En outre, l’AMDH constate avec regret que certaines de ces sanctions sont contraires à l’esprit du Traité révisé de la CEDEAO.
L’AMDH rappelle avec insistance que touchant des populations maliennes déjà vulnérables, ces nouvelles sanctions sont disproportionnées, injustes et constituent de graves violations des droits civils et politiques, des droits économiques, sociaux et culturels. Or, «le respect, la promotion et la protection des droits de l’Homme et des peuples conformément à la charte africaine des droits de l’Homme et des Peuples» font partie des principes fondamentaux de l’organisation, selon l’article 4, g, du Traité Révisé. De même, la libre circulation des personnes, des biens, capitaux, et droits de résidence et d’établissement, qui sont des objectifs primordiaux de l’intégration, se trouveraient concernés par ces sanctions.

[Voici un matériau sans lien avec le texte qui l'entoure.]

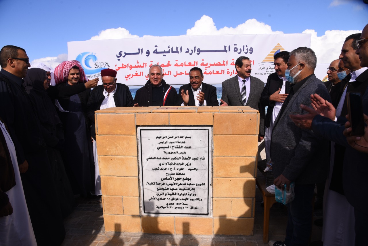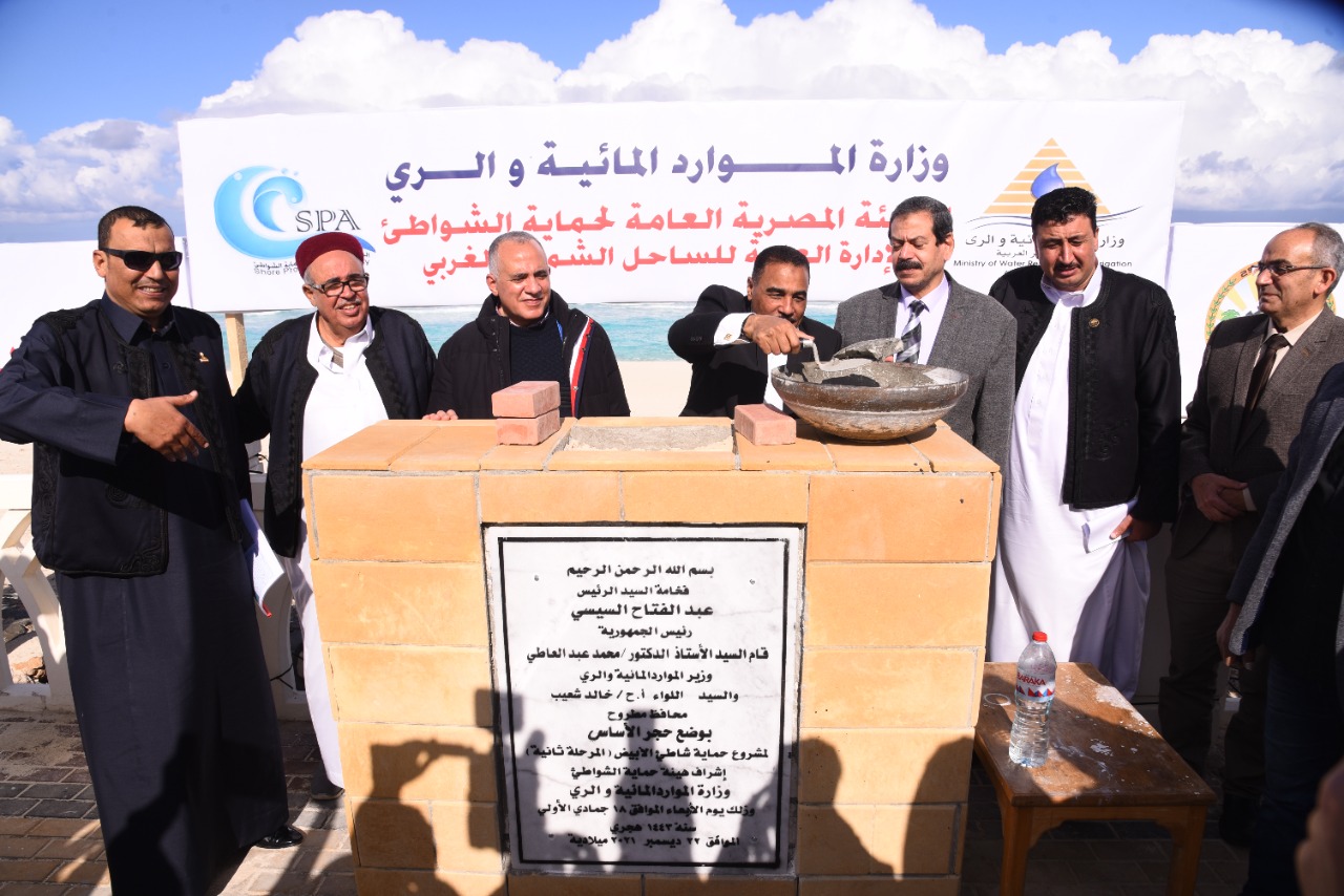 وزير الري يضع حجر أساس المرحلة الثانية لمشروع حماية شاطئ الأبيض بمطروح| صور

Par ailleurs, l’AMDH a pris acte des réactions des autorités maliennes le même jour. Toutefois, l’AMDH les exhorte à rester ouvertes au dialogue.
L’AMDH appelle les populations à la retenue et à croire au dialogue.
Fait à Bamako, le 11 Janvier 2022
Me Moctar MARIKO
Président AMDH
MaliwebSociété
Bamako : Le 11 Janvier 2022, l’Association Malienne des Droits de l’Homme (AMDH) regrette les sanctions infligées au Mali par la CEDEAO et l’UEMOA et appelle celles-ci et l’État du Mali à privilégier le dialogue afin de convenir d’un délai raisonnable pour le retour à l’ordre constitutionnel. Le 9 janvier...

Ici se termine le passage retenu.